Jennifer quickly agreed, and they hung up. Robin sat quietly for a few moments. He was thinking of Tully, of the way she held on to him last night and of her soft needy moans. Then he inadvertently remembered how upset Gail was with him and how he meant to apologize. Robin thought of calling Gail up but decided against it. He did not want to be talking to Gail while he was thinking of Tully.

Tully was the first girl whose smell and taste and expression affected him enough to humiliate his date at a party for a mutual friend. Robin hoped Tully was worth it.
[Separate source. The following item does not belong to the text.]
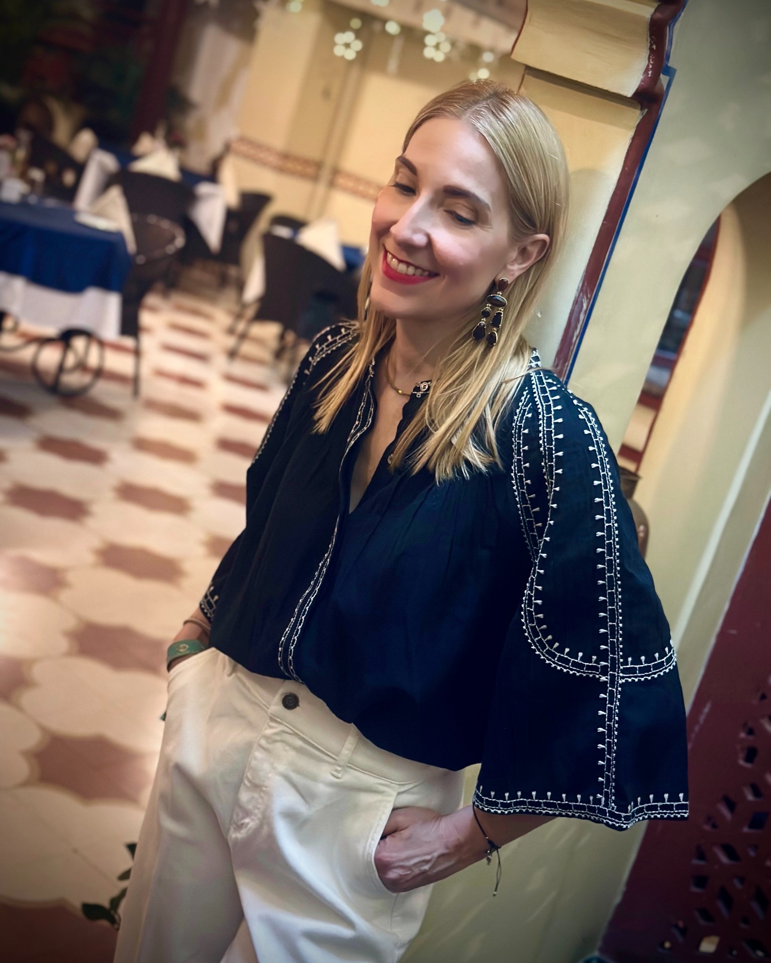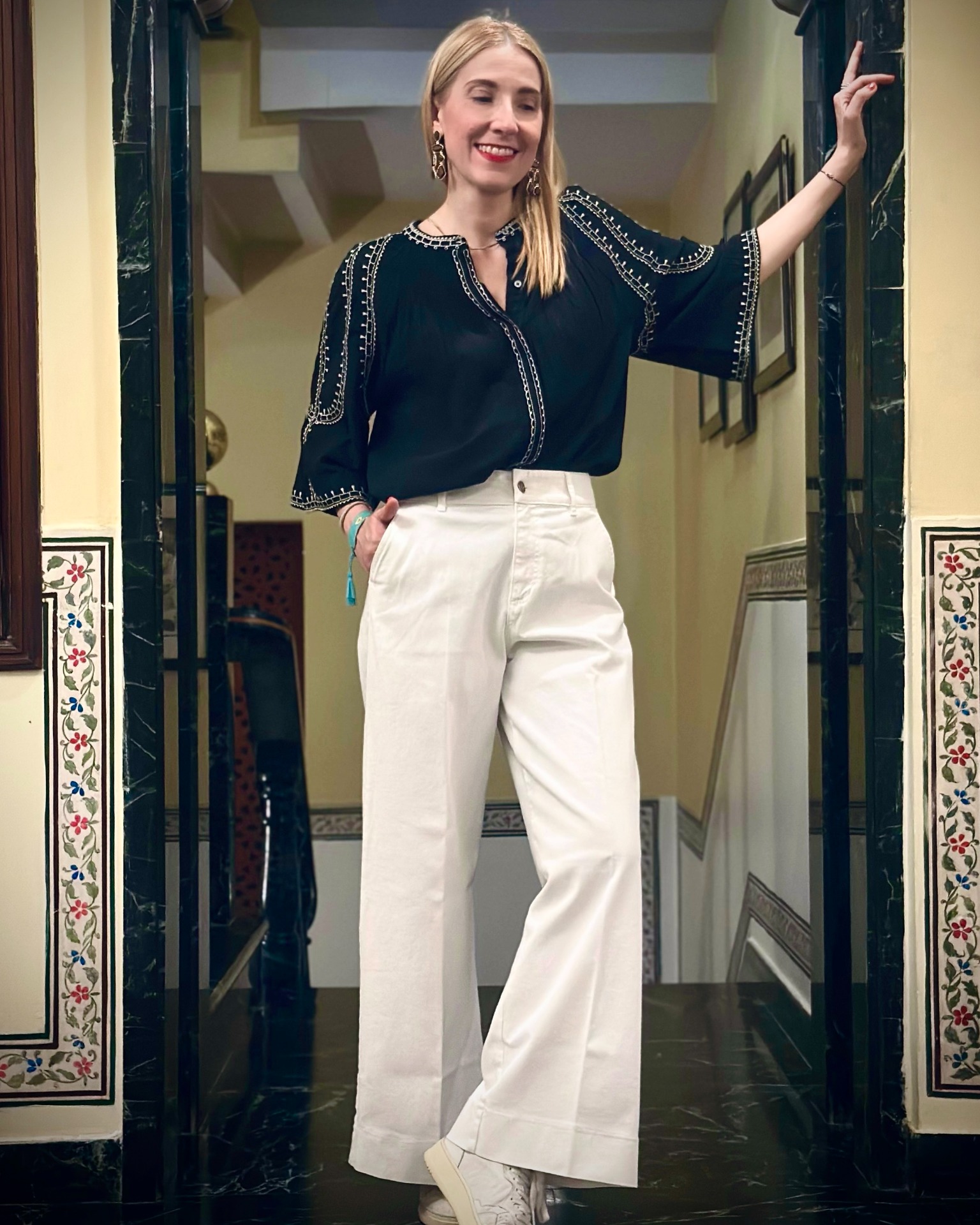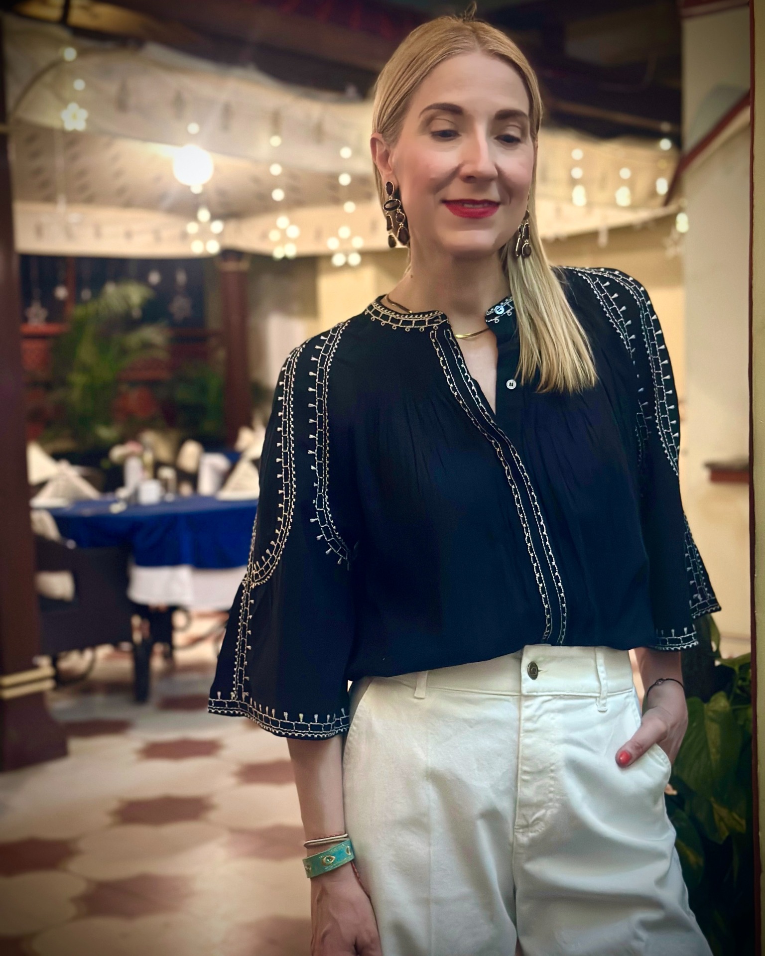 Camicia in tessuto garzato di cotone con ricami etnici a contrasto, chiusura anteriore nascosta con bottoni.

When Robin was twelve, six months before his confirmation and seven months before his mother’s death, he found out that he and his younger brothers were all adopted by Stephen and Pamela DeMarco from some adoption agency that had managed to palm off all three little male siblings to one set of parents. Sort of like a kitten litter. Robin had been three, Bruce a year and a half, and Stevie three months.
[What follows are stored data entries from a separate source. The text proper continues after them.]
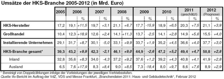 Nach einer Zunahme des Umsatzes von 6,5 % im Jahr 2010 haben die Hersteller der Heizungs-, Klima- und Sanitärindustrie (HKS-Hersteller) 2011 um 7,5 % höhere Umsätze erwirtschaftet. Für 2012 sagt das ifo-Institut einen weiteren, allerdings schwächeren Umsatzanstieg der HKS-Hersteller um 3,9 % voraus.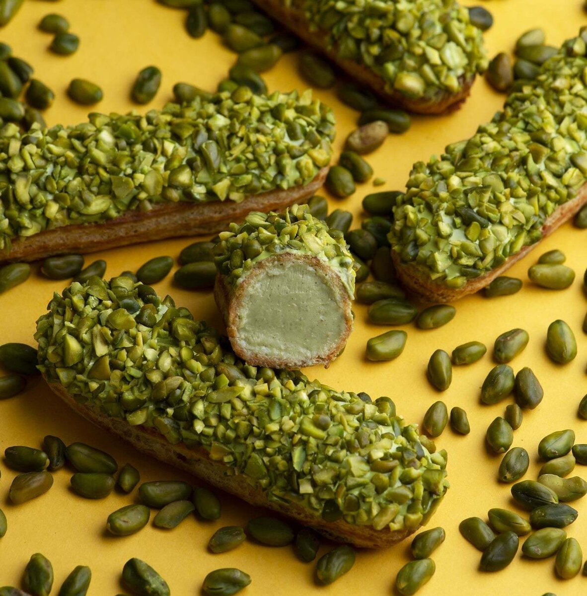 Очень вкусные фисташковые эклеры с нежным фисташковым кремом на маскарпоне и хрустящей корочкой из карамели, посыпанной фисташками. Рецепт фисташковых эклеров
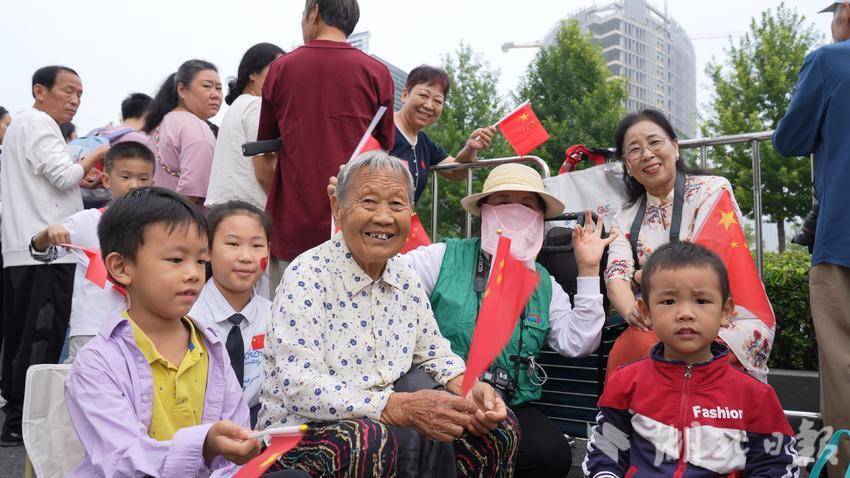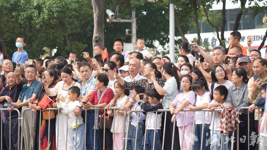同樣深情的還有呂美玲女士一家。為了這場盛會,呂美玲“總動員”。84歲的奶奶提前兩天就從老家被接到武漢,今天清晨,一大家人扶老攜幼,帶著3個孩子,其中最小6歲,一行8人搬著小板凳早早占據了最佳觀賞位。奶奶精神矍鑠,當《洪湖赤衛隊》《紅色娘子軍》等經典旋律響起時,她眼中泛著淚光,仿佛回到了那段崢嶸歲月。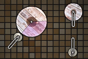 游戏使用鼠标点击转动的轮盘或把手,让转动的轮盘带动所有静止的轮盘转满一圈(360度)即可。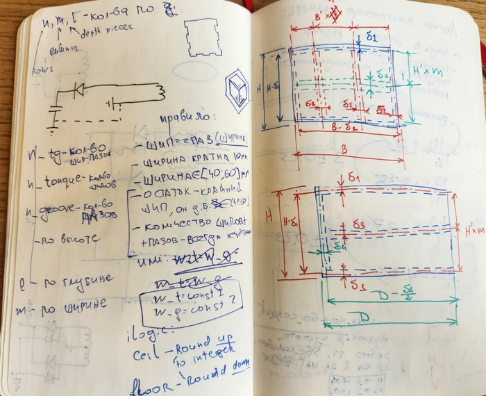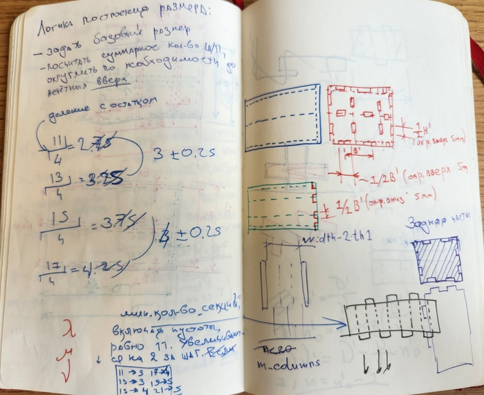 Сказано — сделано. Для начала я начеркал в скетчбуке пару набросков, чтобы лучше представить себе, как детали будут соединяться между собой и как примерно должны вычисляться их размеры: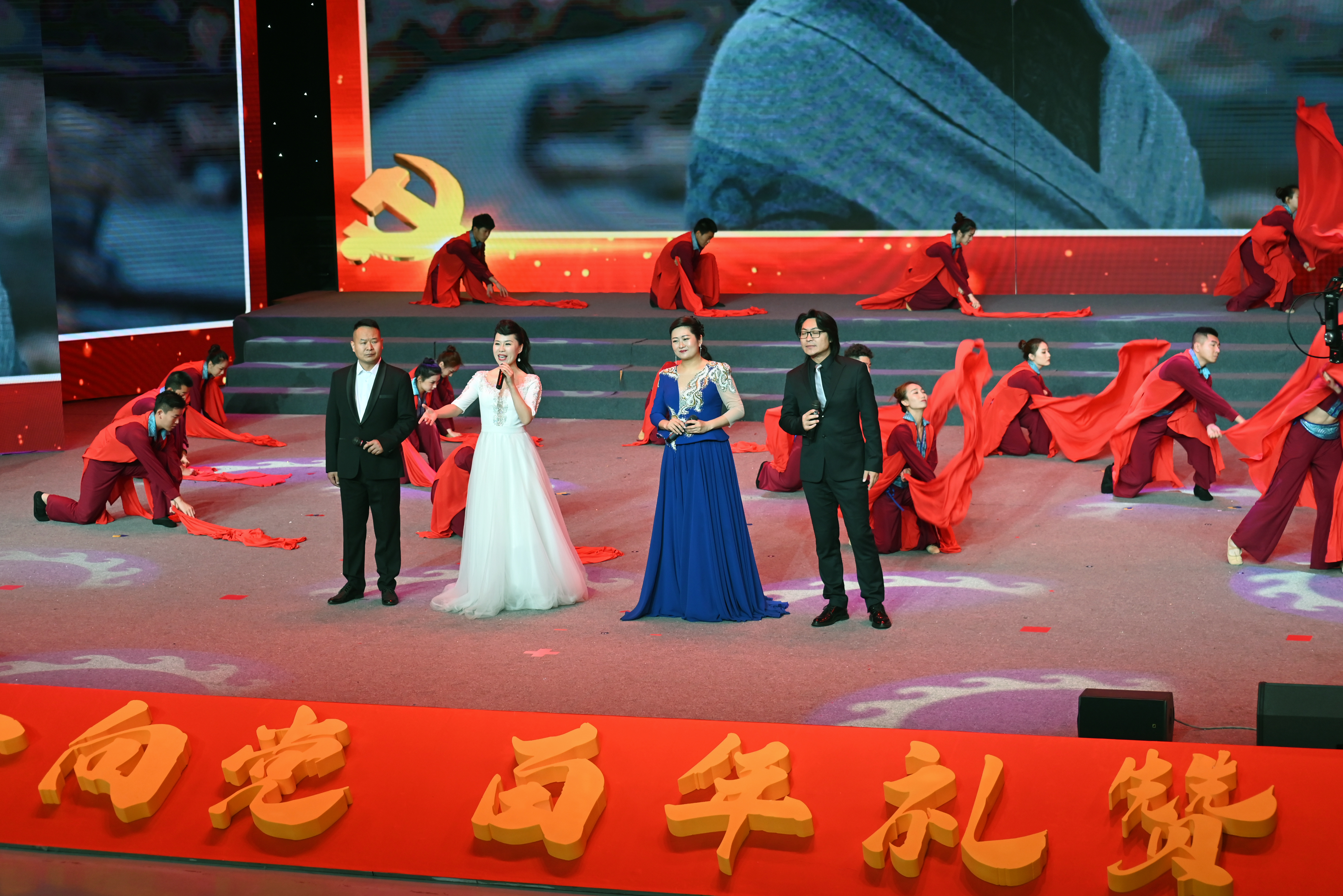 开场歌舞《百年信仰》,气势豪迈、感动心灵、意境深远,拉开了主题晚会的序幕。
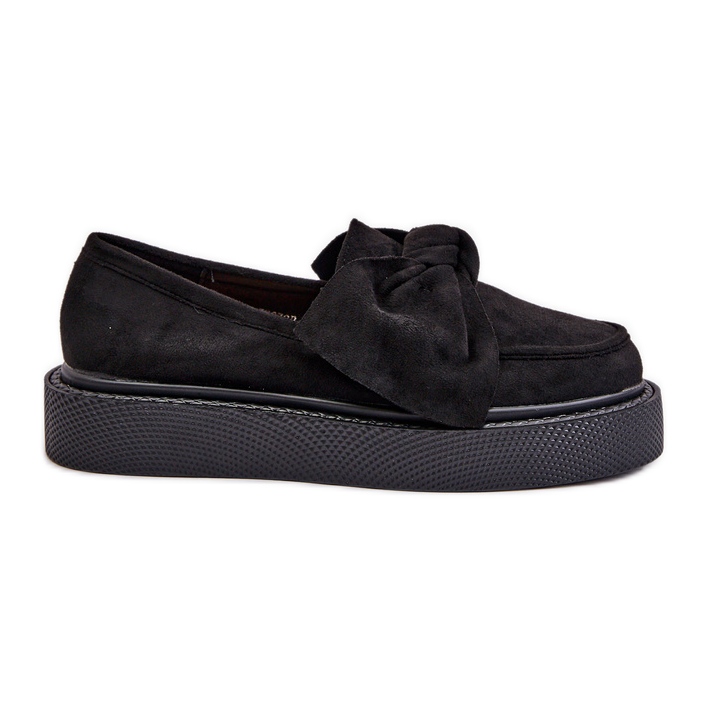 Ženske mokasine na platformu s mašnom, crne naivine crna

Robin had been looking for his birth certificate because he wanted to open his first savings account for the anticipated earnings from his confirmation. His adoption papers shattered him. Robin ran downstairs to his parents, wildly waving the certificate and crying ‘Why didn’t you ever tell us? Why? Why didn’t you ever tell me?’ The DeMarcos tried in vain to comfort their oldest boy. But for the next six months, young Robin went to school, worked his paper route, came home, ate dinner, did his homework, watched a little TV, and went to sleep. For six months, he hardly spoke to his mother and father. At his confirmation, he coldly kissed Pamela DeMarco and thanked her for going through the trouble of throwing him such a great party, even though he was not her son.
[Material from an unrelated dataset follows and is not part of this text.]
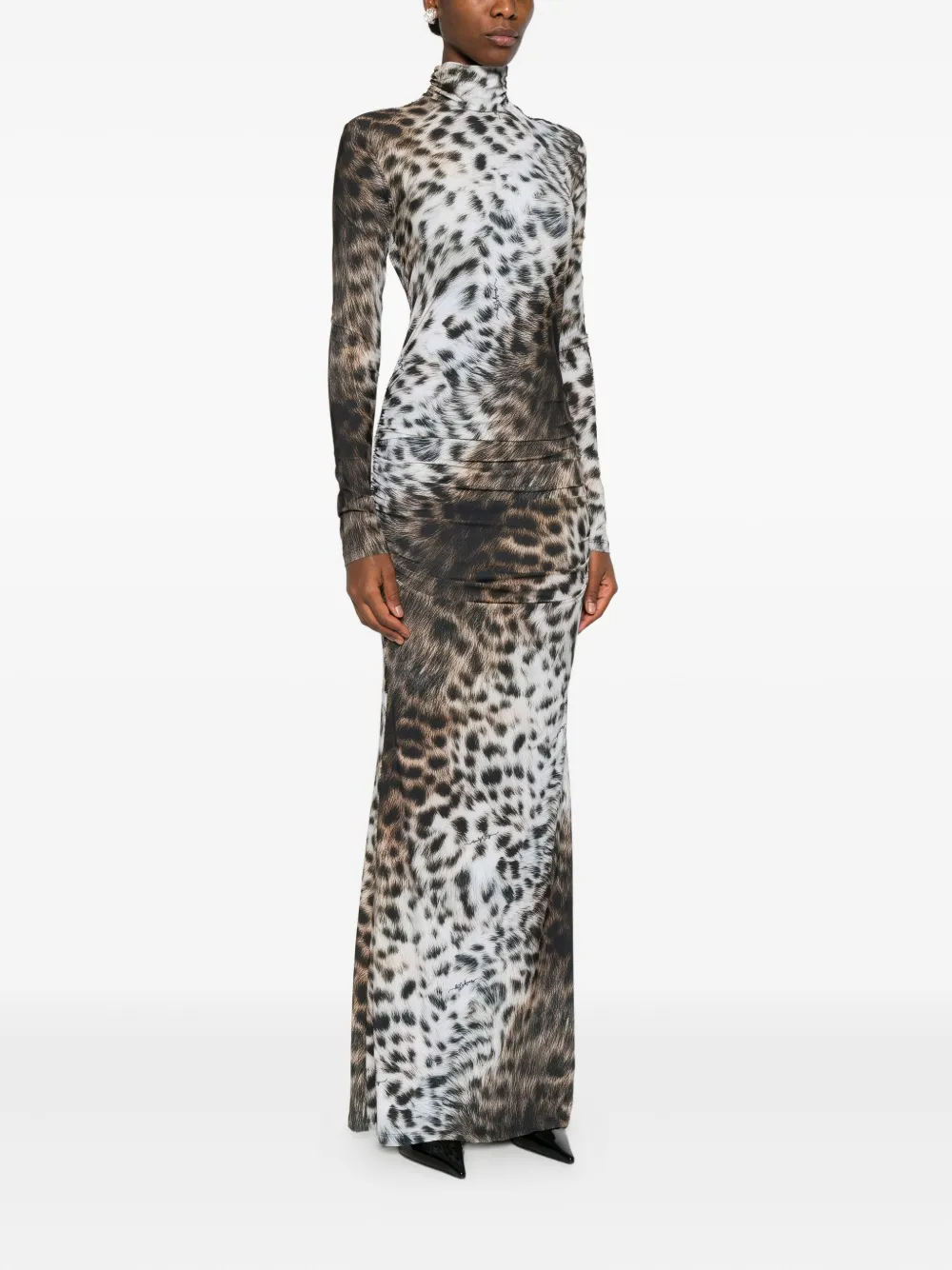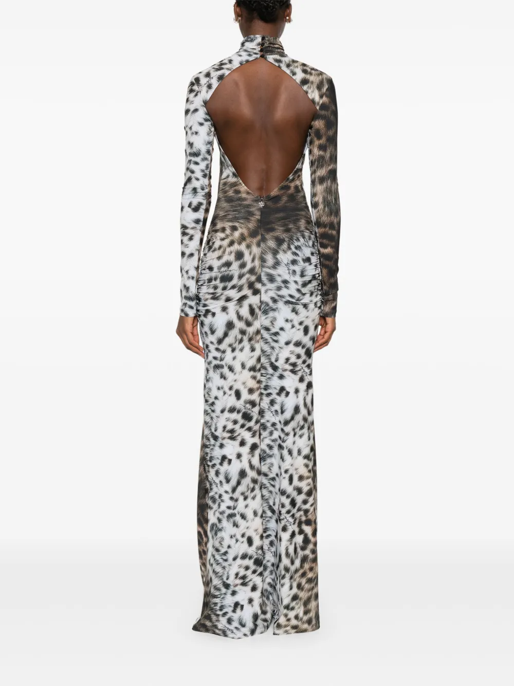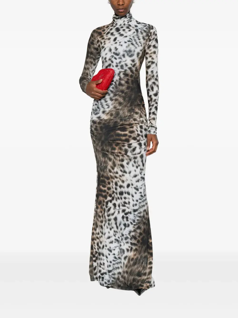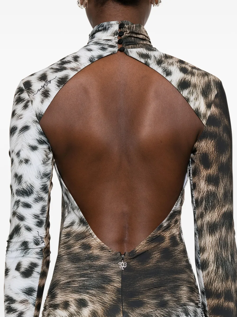 Коричневый леопардовый принт высокий ворот длинные рукава прилегающий лиф скрытая застежка-молния

A month later, Robin’s mother died unexpectedly of congestive heart failure. Young Robin quickly forgave himself for not forgiving his mother in time. After graduating from high school, he went to work for his dad and proved himself to be a hardworking and smart manager. The family business prospered under Robin. Then money came his way. Money, good clothes, great cars. Robin worked, played soccer, and took in a great many women. He usually had his pick of most girls he met – and he met a great many girls. He was always courteous to them, but often he was not particularly sensitive. He spoke little of himself and regularly broke up with his girlfriends without letting them know about it; one day he would just start going around with a different girl and that seemed to say it all for him – what more was there to say?